Ebenso können Personen geehrt werden, die sich Verdienste um den Sport erworben haben, auch wenn sie nicht dem EFSC angehören.




                                                                            § 25
                                                               Die Vereinsstrafgewalt

Die Vereinsstrafgewalt liegt beim geschäftsführenden Vorstand. Einzelheiten regelt die Rechtsordnung.

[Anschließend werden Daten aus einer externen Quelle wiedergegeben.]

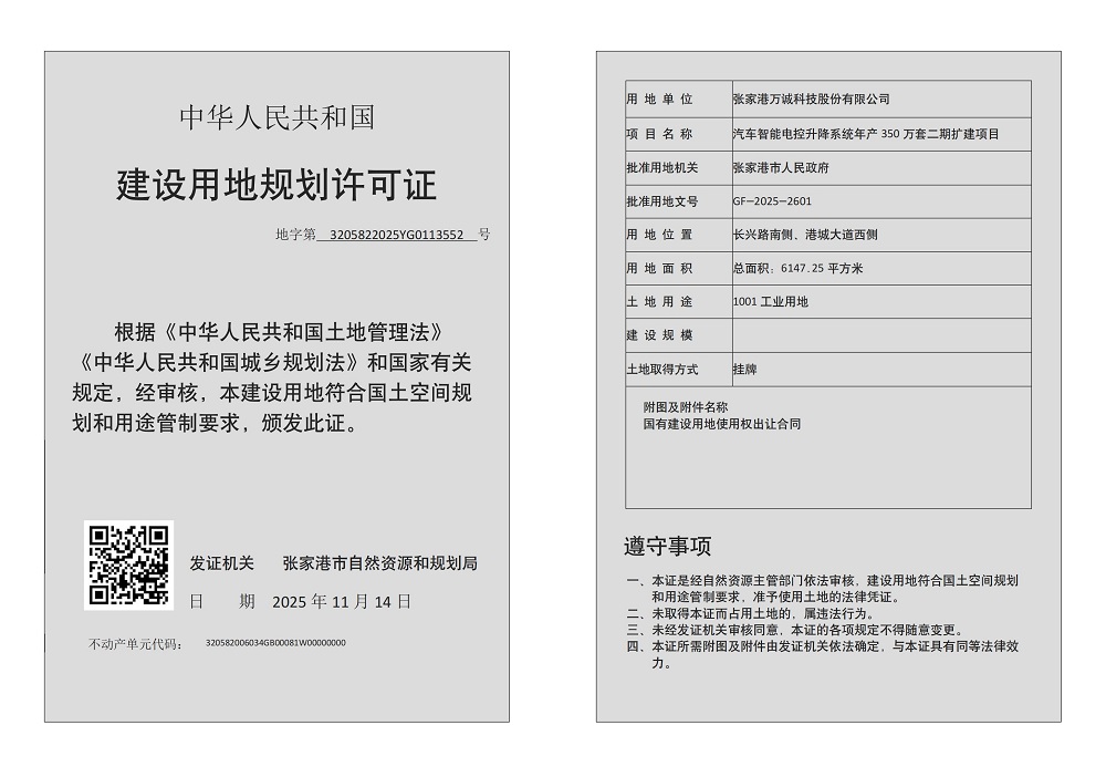 建設(shè)用地規(guī)劃許可證:張家港萬(wàn)誠(chéng)科技股份有限公司汽車智能電控升降系統(tǒng)年產(chǎn)350萬(wàn)套二期擴(kuò)建項(xiàng)目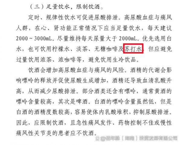 同時,發(fā)布的內容中《成人高尿酸血癥與痛風食飲指南》也指出,要足量飲水,限制飲酒,建議優(yōu)先選擇無糖無添加的白水,蘇打水更佳。(注意這里指的蘇打水并非市面常見的蘇打水飲料,而是含碳酸氫鈉的天然蘇打水)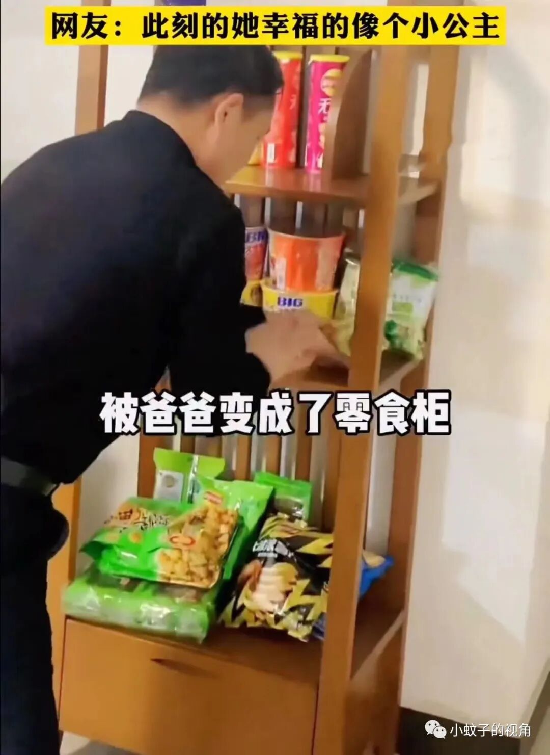 小柜子变身零食柜,父亲还告诉女孩:这些都是你的,吃完了告诉我,我再给你买。
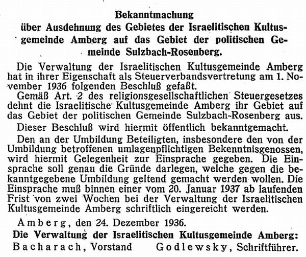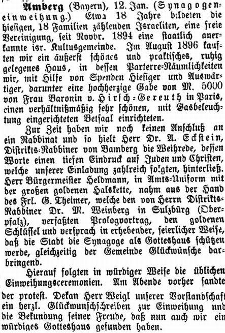 Rat der Stadt Amberg (Oberpfalz) hat den israelitischen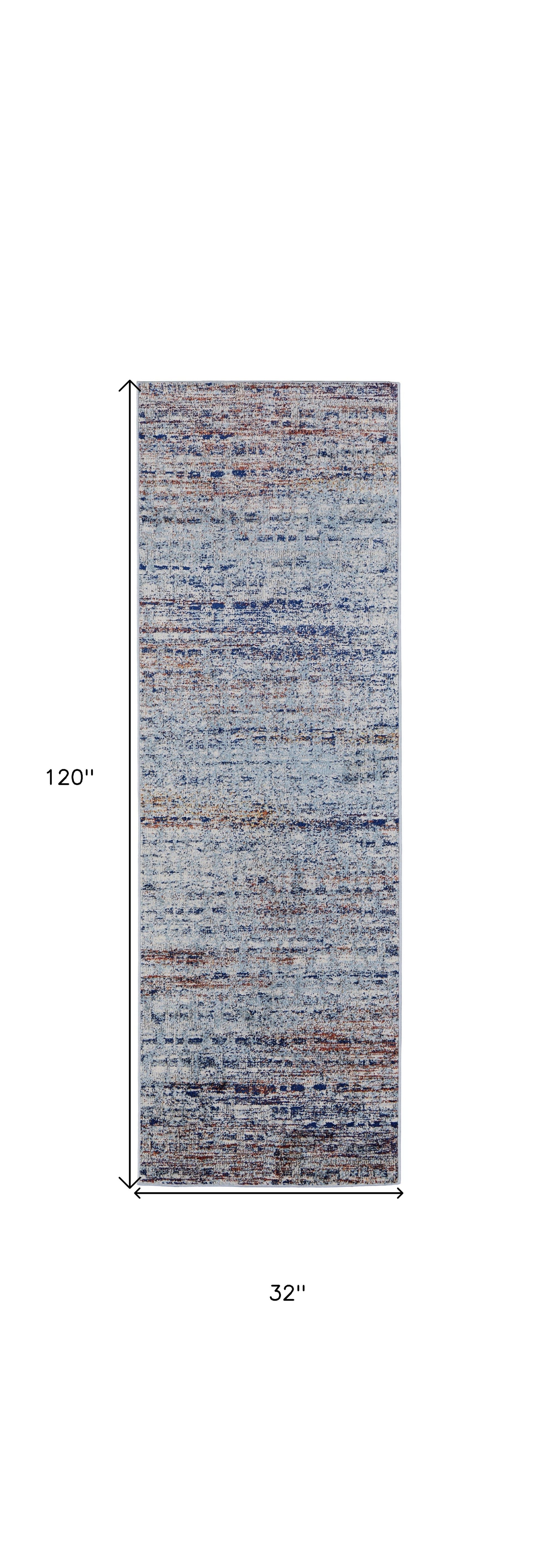 10' Ivory Blue and Orange Abstract Power Loom Runner Rug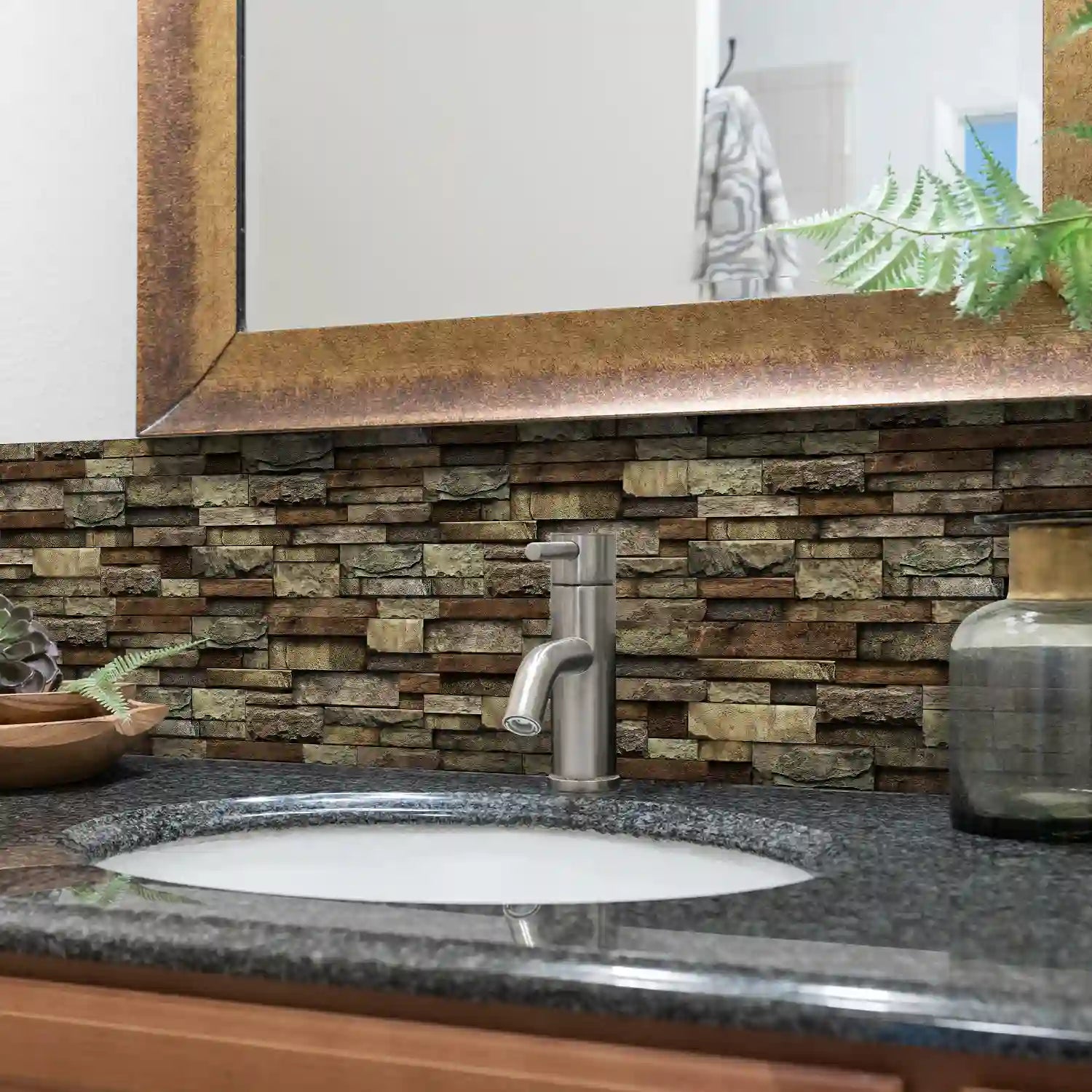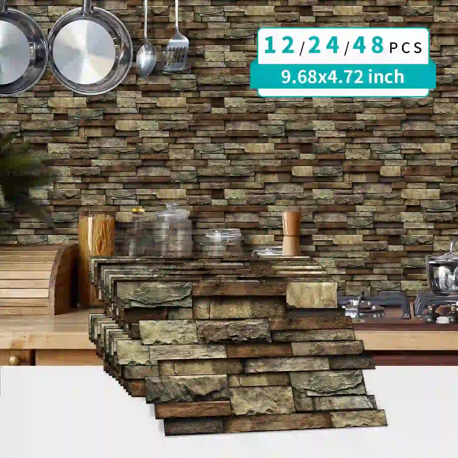 Special Shaped Marble Tile Sticker (Dark Brown) 12pcs Peel And Stick Wallpaper Luxury and Elegant Style Wall Decor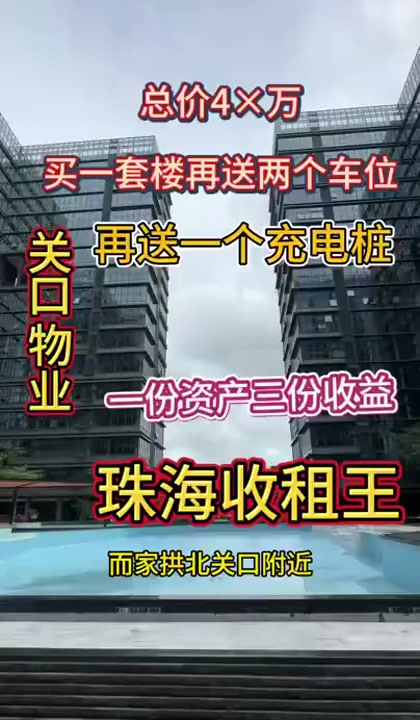 珠海市区王!总价49万!买到赚到 主推户型:40-43m2精装小面积 月2000,车位600,一份资产三份收....租 项目亮点: 1、项目托管8%,租金直接覆盖月供,送2个车位、充电桩1个,躺着赚钱! 2、家门口就有公交巴士,近港珠澳口岸、横琴口岸、湾仔口岸,轻松往返香港、澳门! 3、楼下有底商,近享华发商都、环宇城、富华里等商圈、近奥特美健身房! 4、小区内配有泳池,一线濠江景,就是澳门横琴夜景!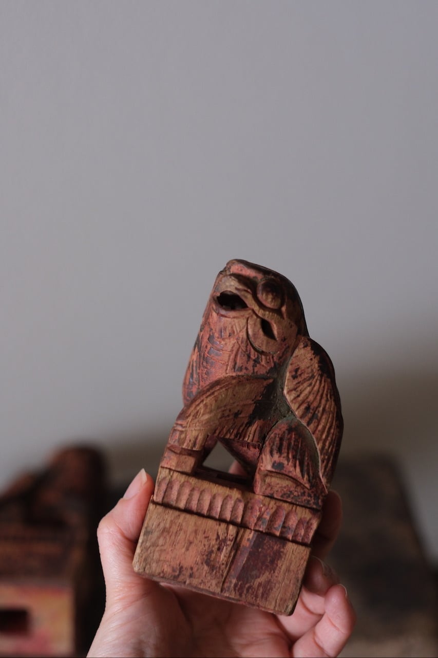 中国の古い建築装飾の一部としてかつて家を見守っていた木彫りのオブジェ。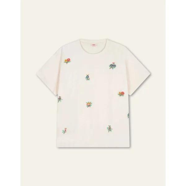 De boxy fit van dit T-shirt vormt een mooi canvas voor de bijzondere geborduurde details van pailletten en kralen. Een shirt om constant iets moois op te ontdekken tijdens zachte lentedagen. - 100% Organic GOTS Katoen - Gemaakt in India - Het model is 178cm en draagt maat 36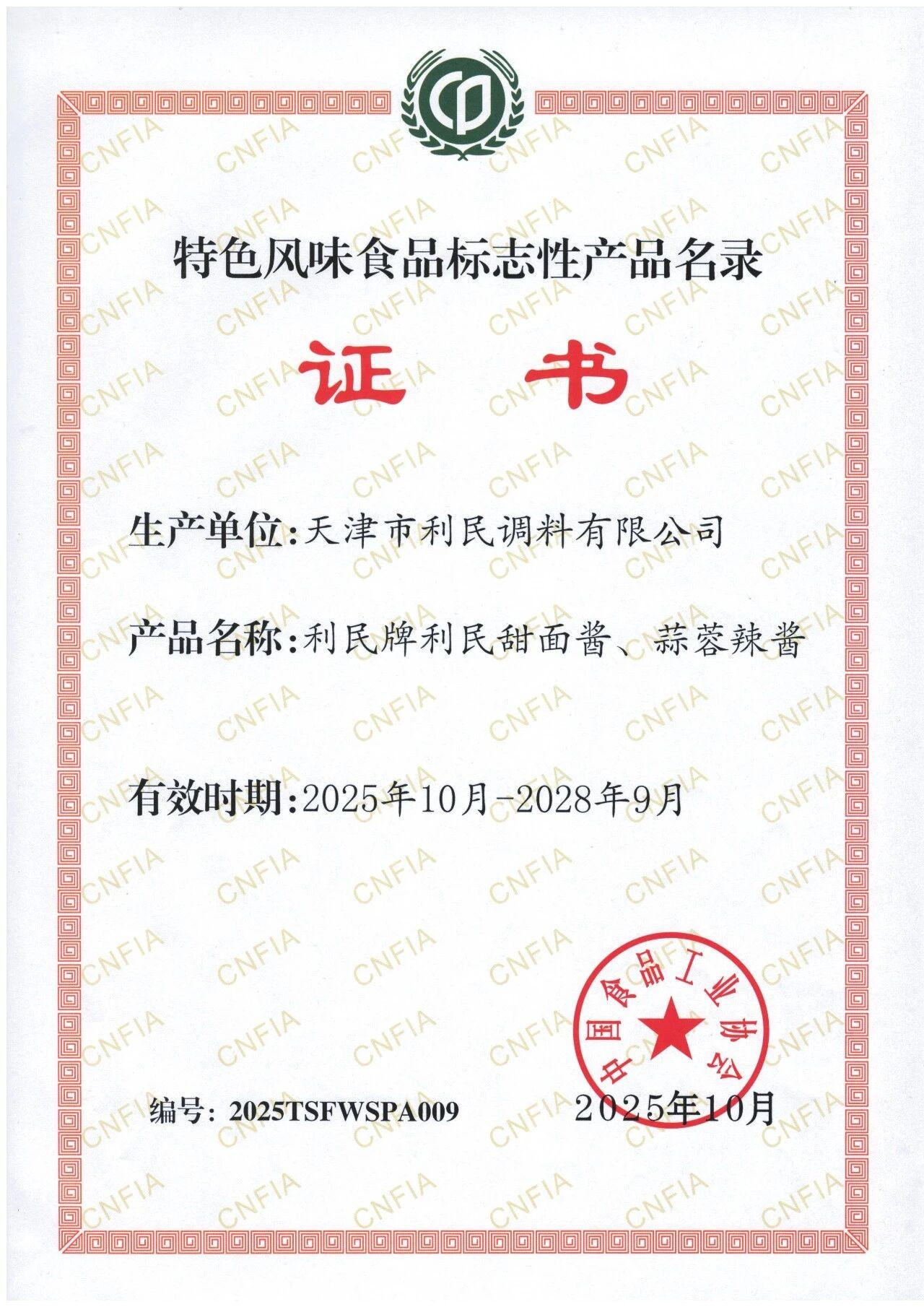 近日,利民公司喜訊頻傳,“利民”品牌獲評2024-2025年度天津市首批消費名品企業品牌稱號,旗下經典產品利民甜面醬、蒜蓉辣醬成功入選中國食品工業協會認定的第二批“特色風味食品標志性產品名錄”,品牌發展與產品實力獲得市場與行業的高度認可。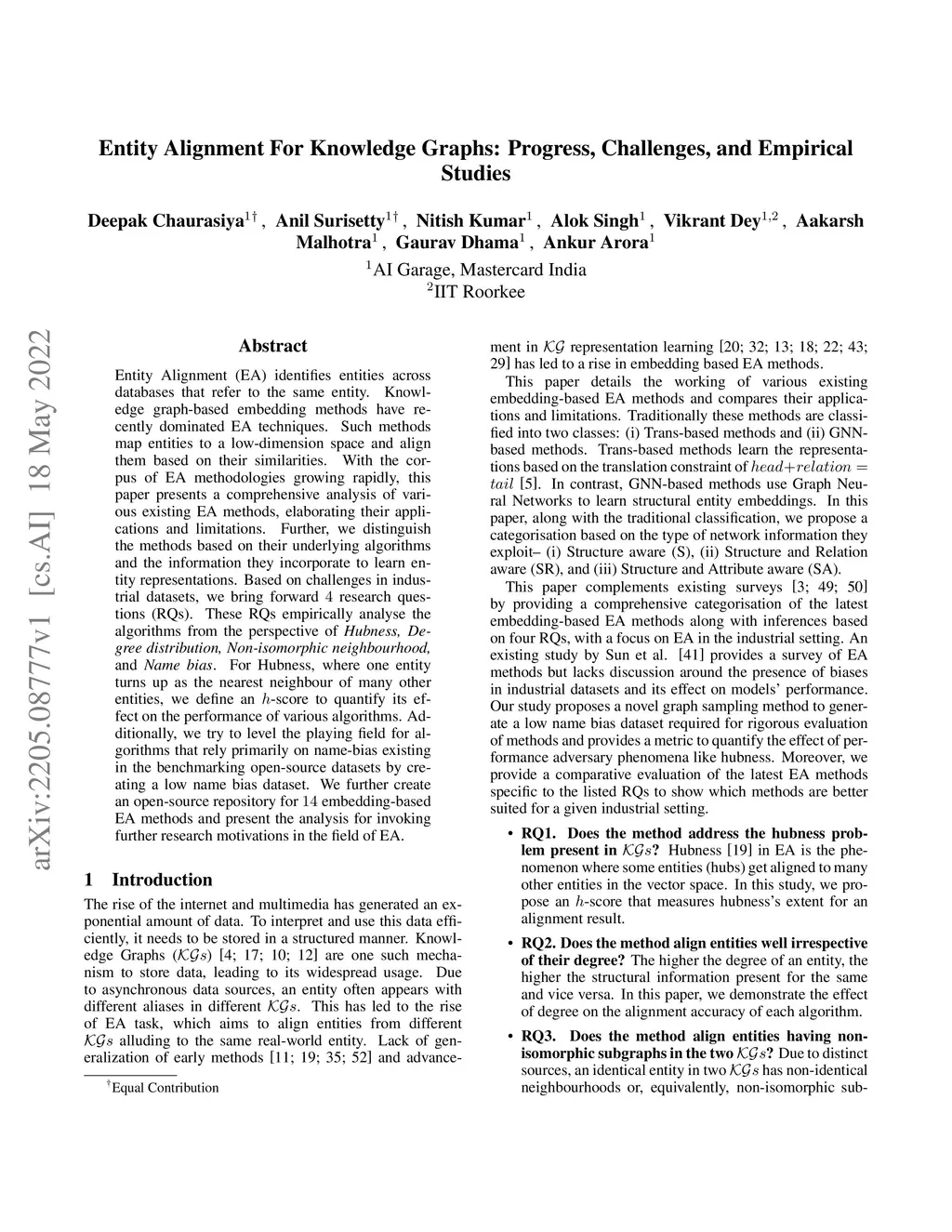 Entity Alignment (EA) identifies entities across databases that refer to the same entity. Knowledge graph-based embedding methods have recently dominated EA techniques. Such methods map entities to a low-dimension space and align them based on their similarities. With the corpus of EA methodologies growing rapidly, this paper presents a comprehensive analysis of various existing EA methods, elaborating their applications and limitations. Further, we distinguish the methods based on their underlying algorithms and the information they incorporate to learn entity representations. Based on challenges in industrial datasets, we bring forward research questions (RQs). These RQs empirically analyse the algorithms from the perspective of \textit{Hubness, Degree distribution, Non-isomorphic neighbourhood,} and \textit{Name bias}. For Hubness, where one entity turns up as the nearest neighbour of many other entities, we define an -score to quantify its effect on the performance of various algorithms. Additionally, we try to level the playing field for algorithms that rely primarily on name-bias existing in the benchmarking open-source datasets by creating a low name bias dataset. We further create an open-source repository for embedding-based EA methods and present the analysis for invoking further research motivations in the field of EA.

Berufungsinstanz ist der Rechtsausschuss.

                                                                            § 26
                                        Die Haftung des Vereins seinen Mitgliedern gegenüber

Für Schäden gleich welcher Art, die einem Vereinsmitglied aus der Teilnahme an den Sportveranstaltungen oder durch Benutzung der übrigen Vereinseinrichtungen entstanden sind, haftet der Verein nur, wenn einem Organmitglied oder einer sonstigen Person, für die der Verein nach den Vorschriften des Bürgerlichen Rechts einzustehen hat, Vorsatz oder grobe Fahrlässigkeit zur Last fällt.


                                                                            § 27
                                                                   Das Vereinsende

Die Auflösung des Vereins kann nur in einer ordentlichen Mitgliederversammlung mit der in § 18 Abs. 4 festgelegten Stimmenmehrheit beschlossen werden. Falls die Mitgliederversammlung nichts anderes beschließt, sind der Vorsitzende, der Schriftführer und der Kassenwart zu Liquidatoren ernannt.
Zur Beschlussfassung der Liquidatoren ist Einstimmigkeit erforderlich.
Die Rechte und Pflichten der Liquidatoren bestimmen sich im übrigen nach den Vorschriften des BGB über die Liquidation (§§ 47 ff BGB).
Das nach Beendigung der Liquidation noch vorhandene Vereinsvermögen ist dem Landessportbund zu übergeben mit der Zweckbestimmung, dass dieses Vermögen unmittelbar und ausschließlich zur Förderung des Schwimmsports verwendet werden muss.